On the basis of the clinical trials that led to the approval of tirzepatide, Lilly’s drug that’s sold under the trade name Zepbound, investors had good reason to suspect that it’d be more effective than Novo Nordisk’s candidate semaglutide, which is known by the trade name Wegovy. But, until recently, there has not been any scientifically rigorous investigation that directly compares the two molecules.
Per a preview of a head-to-head phase 3b clinical trial comparing the efficacy of weight loss with Zepbound versus Wegovy published on Dec. 4, Zepbound was the clear winner. After 72 weeks of once-weekly treatment, the Zepbound cohort experienced a loss of 20.2% of their body weight on average, compared to a loss of just 13.7% for the patients treated with Wegovy. For those keeping score, that’s 47% more weight loss on a relative basis. But that’s not all: 31.6% of the Zepbound patients experienced a weight loss of at least 25% of their total body weight, whereas only 16.1% of Wegovy patients reached the same milestone.
In other words, on average, Lilly’s drug was more effective for more people than the alternative. That implies it’ll now have a significant advantage in gaining market share, even without spending more on marketing relative to Novo Nordisk. And that’s why the bull thesis for buying its stock just got even stronger than it was before.
While the full results of the trial haven’t yet been published in a peer-reviewed scientific publication, the company expects to do so sometime in early 2025. Given that clinicians tend to be on the conservative side with their prescribing habits, meaning that they’ll wait to see the full data before changing anything, and also that it takes some time for new information to disseminate throughout the medical community, it is reasonable to expect most of the actual financial returns for the business to start to accrue toward the latter half of 2025 at the earliest.
In the third quarter, sales of Zepbound were worth $1.2 billion, making it a blockbuster drug. It hasn’t even been on the market for a full year yet. Nor has it been in steady supply for most of the time since its approval; the same applies to Wegovy.
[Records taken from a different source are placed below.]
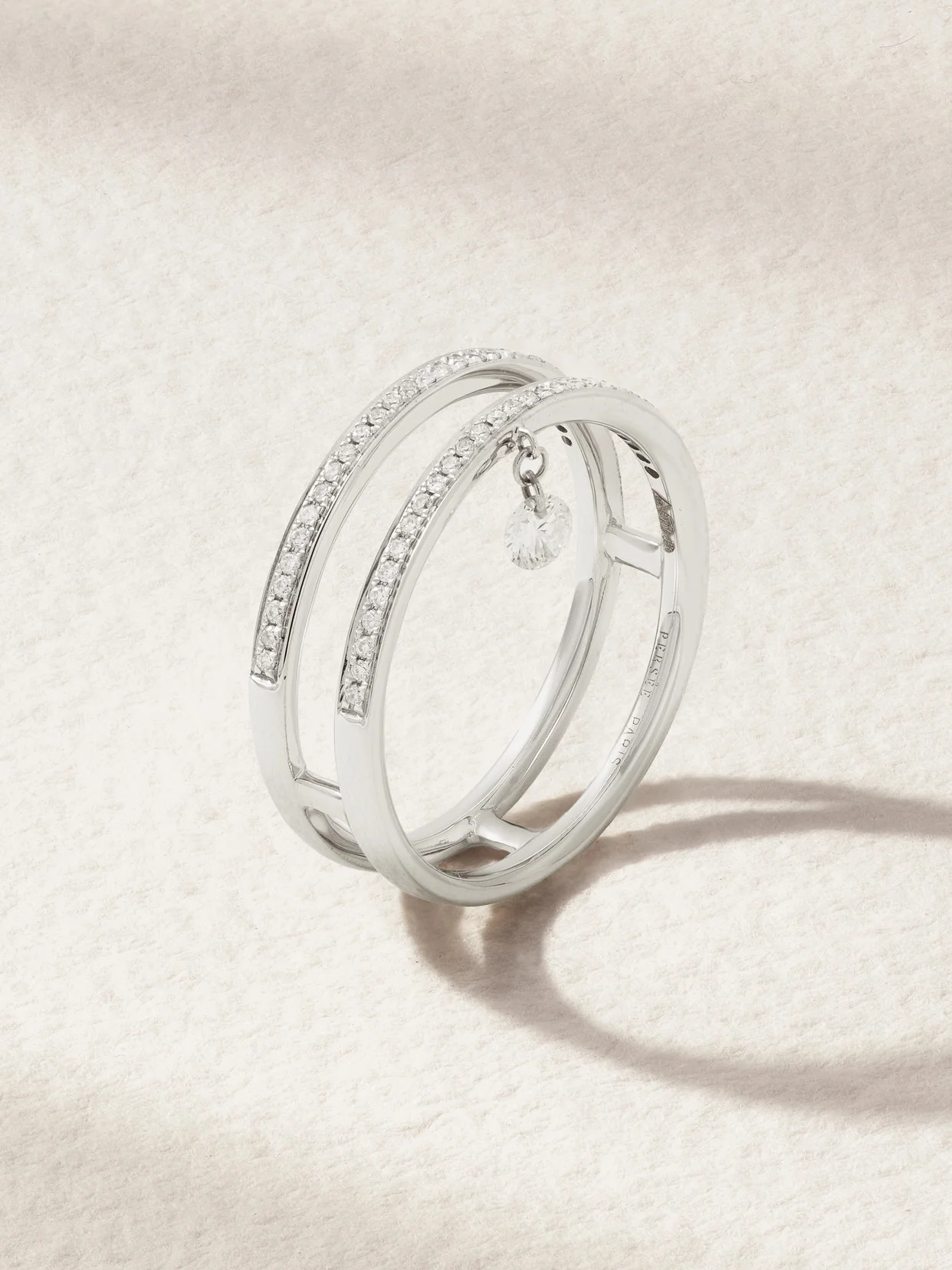 Persee's 'Zeus' ring is crafted from 18-karat white gold and has two connected bands, each traced with sparkling pave diamonds. An additional "pierced" diamond drop swishes freely, so it can be admired from all angles.
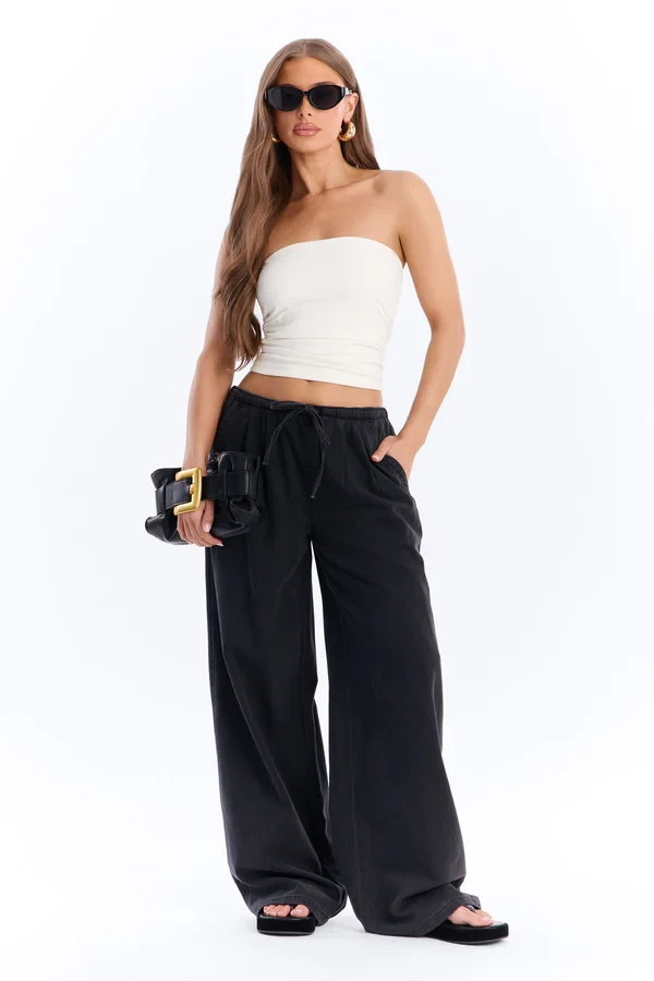 Light wash wide leg jeans pair well with fitted tops, crop tops, bodysuits, or tucked-in shirts to balance the volume of the pants and create a flattering silhouette.
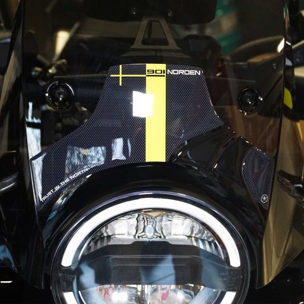 Protección adhesiva de resina para la zona del parabrisas de la moto Husqvarna Norden 901 2022. Adhesivo para moto fabricado en resina de gel 3D Exclusivo - Labelbike®. Placa de matrícula adhesiva 3D para parabrisas, MADE IN ITALY fabricada en resina con efecto 3D.
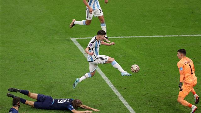 وجاء الهدف بعد هجمة مرتدة سريعة قادها ألفاريز، وراوغ مدافعي كرواتيا، وعندما حاولوا تشتيت الكرة من أمامه، استمرت مع ألفاريز، ليسجل الهدف الثاني بالدقيقة 39 بطريقة رائعة.
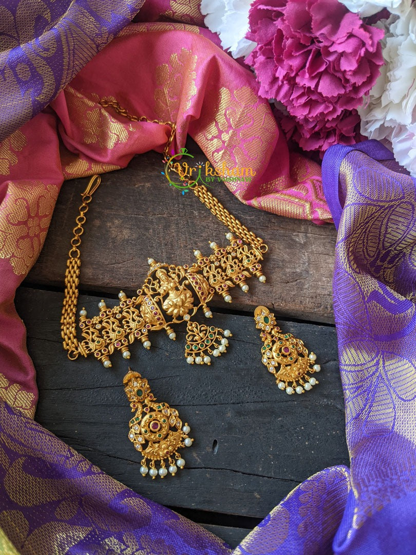 Lakshmi Pendant High Neck Choker - centre lakshmi with hanging pendant and peacocks on either side, comes with pair of matching earrings.
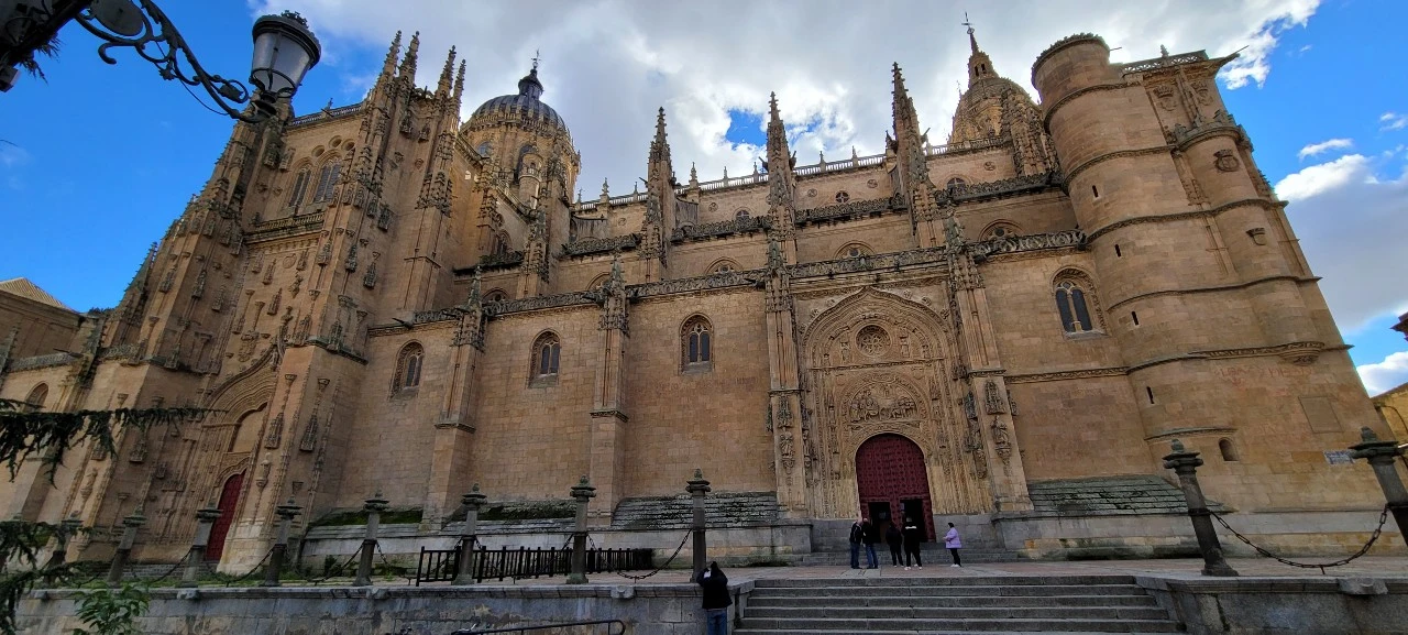 살라망카 대학에서 걸어서 5분 거리에 있는 살라망카 대성당은 2개 성당이 붙어있는 쌍둥이 건물이다. 그런데 이란성쌍둥이다. 먼저 지어진 성당은 12세기 로마네스크 양식으로 지어졌고 16세기 올라간 성당 건물은 고딕 양식이다. 시대가 다른 2가지 건축양식이 한 건축물에 공존하기는 톨레도 대성당이나 마드리드 대성당과 비슷한다. 톨레도나 마드리드 대성당은 하나의 건축물을 오랫동안 짓다 보니 건축가가 바뀌면서 다른 건축양식이 혼재되었으나 살라망카 대성당은 아예 건축 시기가 다른 2개 건물을 연결하다 보니 이란성쌍둥이 건물이 생겨난 것이다.
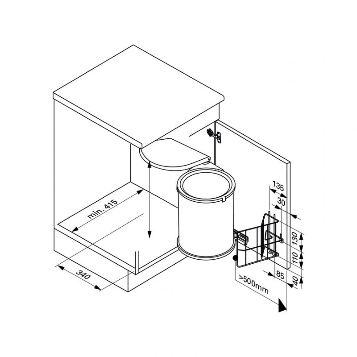 Cette poubelle pivotante en PVC est réversible et peut se fixer soit sur une porte gauche comme droite.
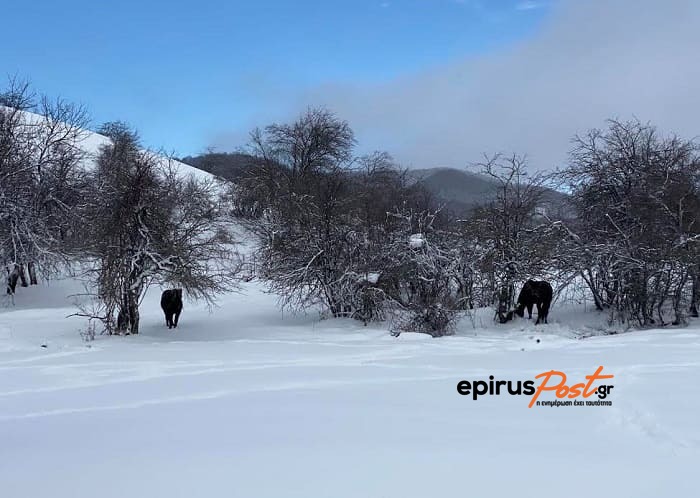 Εικόνες που χαρίζει μόνο η φύση.. Εικόνες πανέμορφες στην περιοχή του Μετσόβου. Πρωταγωνιστές τα ημιάγρια άλογα στο λευκό τοπίο..
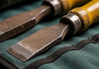 Closeup of two wellused chisels with yellow handles, resting on a green fabric surface
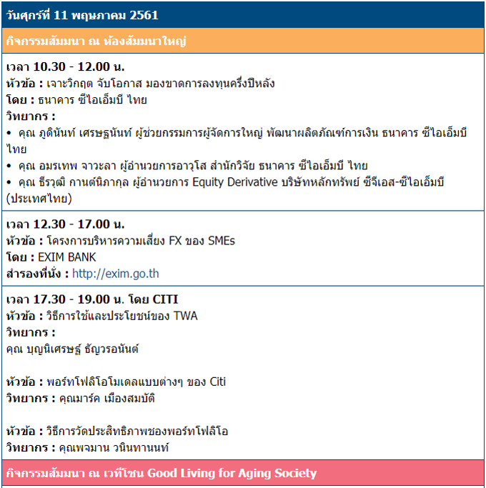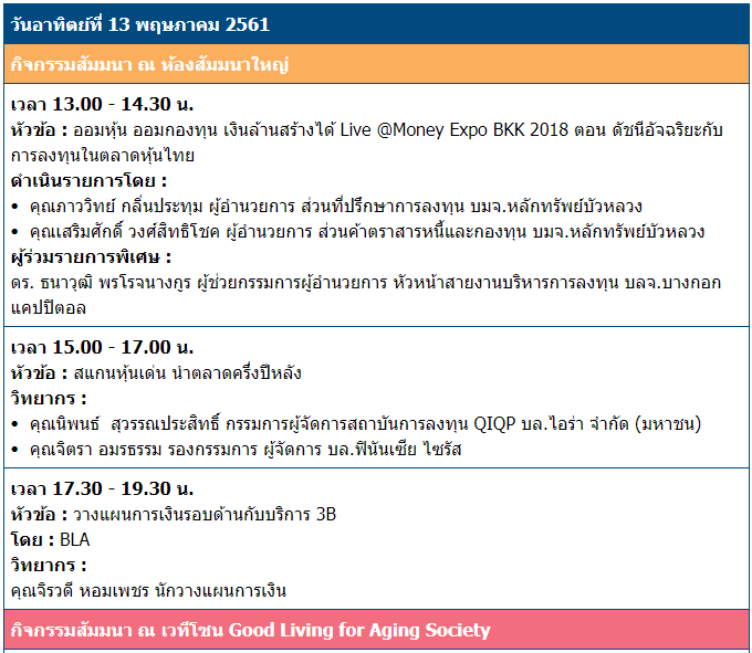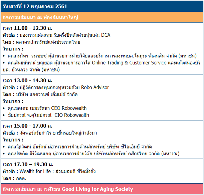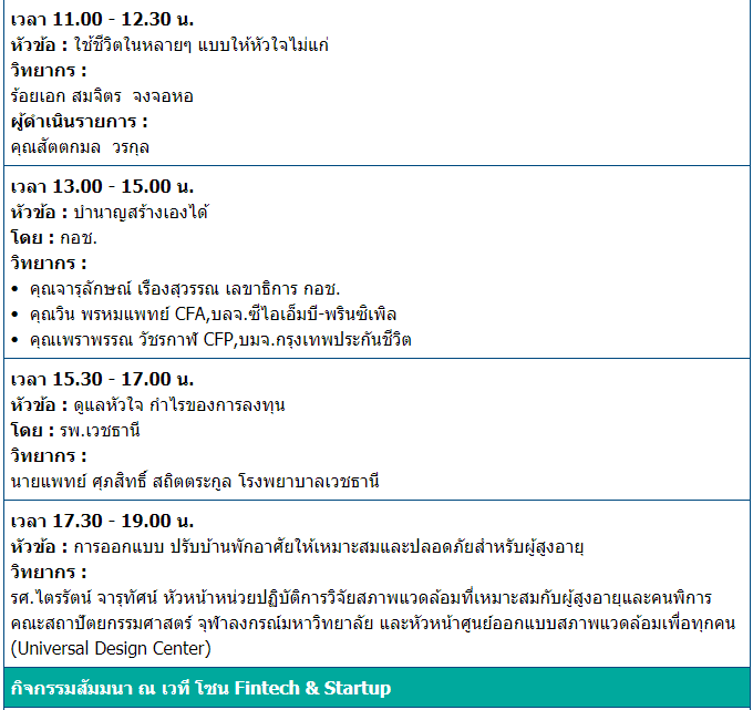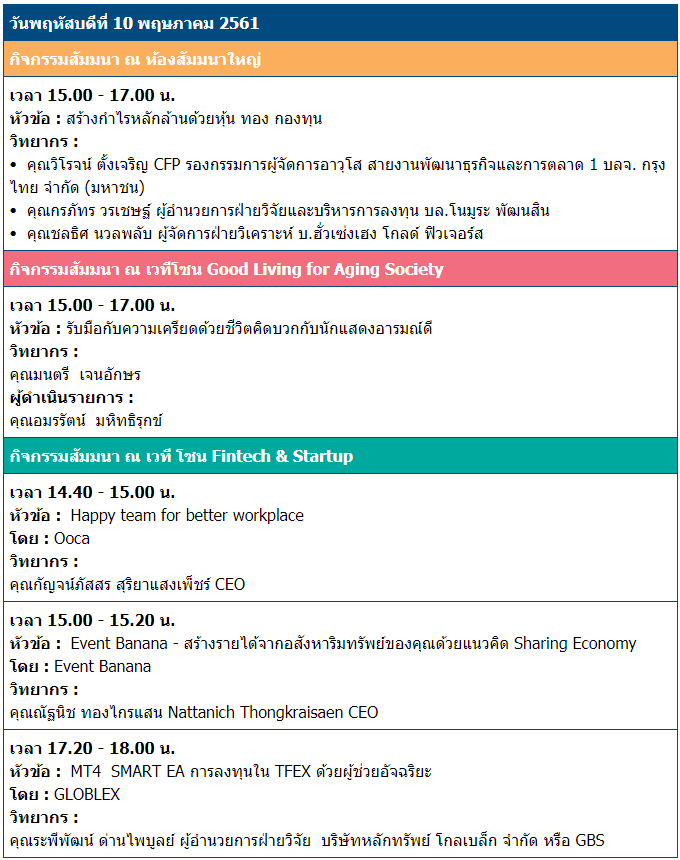 "โซน Good Living for Aging Society เป็นการรองรับ "สังคมผู้สูงวัย" ที่กำลังมาถึงประเทศไทยในปีหน้านี้แล้ว โดยต่อยอดจากโซนตลาดเงินตลาดทุนเพื่อส่งเสริมการวางแผนชีวิตและการวางแผนการเงินในระยะยาวตั้งแต่ วัยทำงาน วัยเกษียณ เพื่อการใช้ชีวิตอย่างมีไลฟ์สไตล์และมีความสุข เป็นมิติใหม่ที่สังคมไทยจะต้องเริ่มต้นตั้งแต่วันนี้"
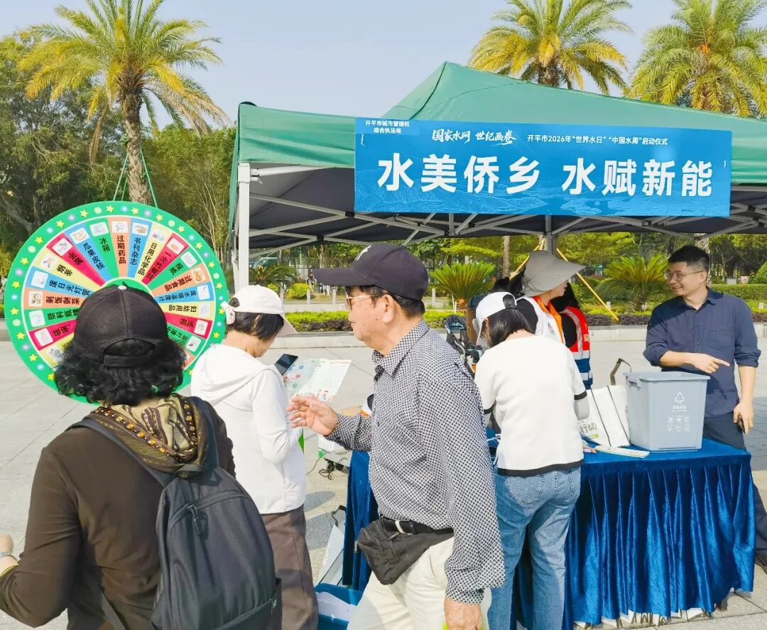 今年3月22日是第三十四届“世界水日”;3月22日至28日是第三十九届“中国水周”,主题为“国家水网 世纪画卷”,明确了我国水利现代化发展的战略方向。3月23日,开平市2026年“世界水日”“中国水周”宣传活动启动仪式在市人民公园举行,通过丰富多样的宣传活动,吸引广大市民踊跃参与,在沉浸式体验中增强节水护水意识,凝聚起共护开平水资源安全的强大合力。市领导谭晓华参加活动。
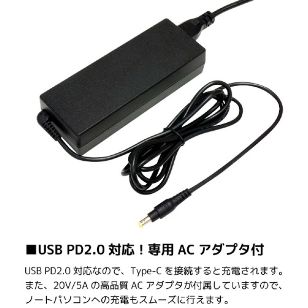 また、20V/5Aの高品質ACアダプタが付属していますので、ノートパソコンへの充電もスムーズに行えます。
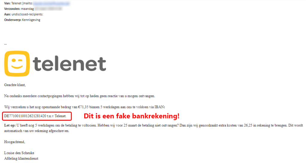 Telenet stuurt nooit zelf volgende berichten!
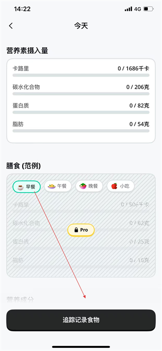 2、在该页面点击追踪记录食物,进入对应餐食的记录页面。
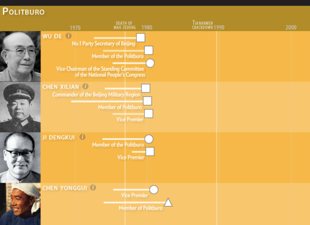 Over the past thirty-eight years, twelve of China’s top leaders have been purged. This infographic and the bios of these leaders explain how and why these mighty men fell. Download the high-resolution graphic.
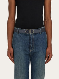The cool ruthenium toned buckle with a smooth finish and central signature gives this new Ferragamo belt an urban feel. Contrasting shades and textures on each side of the calfskin leather shaft open up several styling options. One side has a smooth, supple finish, while the other is naturally grainy. The adjustable length allows for a more personalized fit and style. We invite you to check our size guide for more information. - height 1.3 IN - Composition: calfskin - Made in ITALY - Product code: 679938 791937

So, while it’s hard to say with precision how much additional revenue the study’s findings will lead to, estimates on the order of another $100 million per quarter probably aren’t unrealistic over the next few years.
As great as the new data are for Lilly and its shareholders, it’s best to avoid total exuberance here. There’s nothing wrong with the findings of the study. It’s just that Lilly’s valuation is starting to look a bit stretched, and that means if you’re thinking about investing, it’s appropriate to show just a tidbit of restraint.
The stock’s trailing-12-month (TTM) price-to-earnings (P/E) multiple is 87.6. The average of the overall market is 29.1. These figures do not imply any kind of looming crash or downturn, only that the company’s rate of earnings growth will need to remain consistently high to justify its higher-than-average valuation.
With Zepbound acting as an earnings powerhouse, that is likely possible and even probable. However, the risk to new investors is still elevated compared to when the valuation wasn’t as lofty. Now, a bump in the road, like a bad quarter or two for earnings, could cause shares to tumble even if the core business is as fundamentally sound as it ever was.
In closing: This stock is worth buying today, even though it isn’t cheap. Just don’t sell your house for it.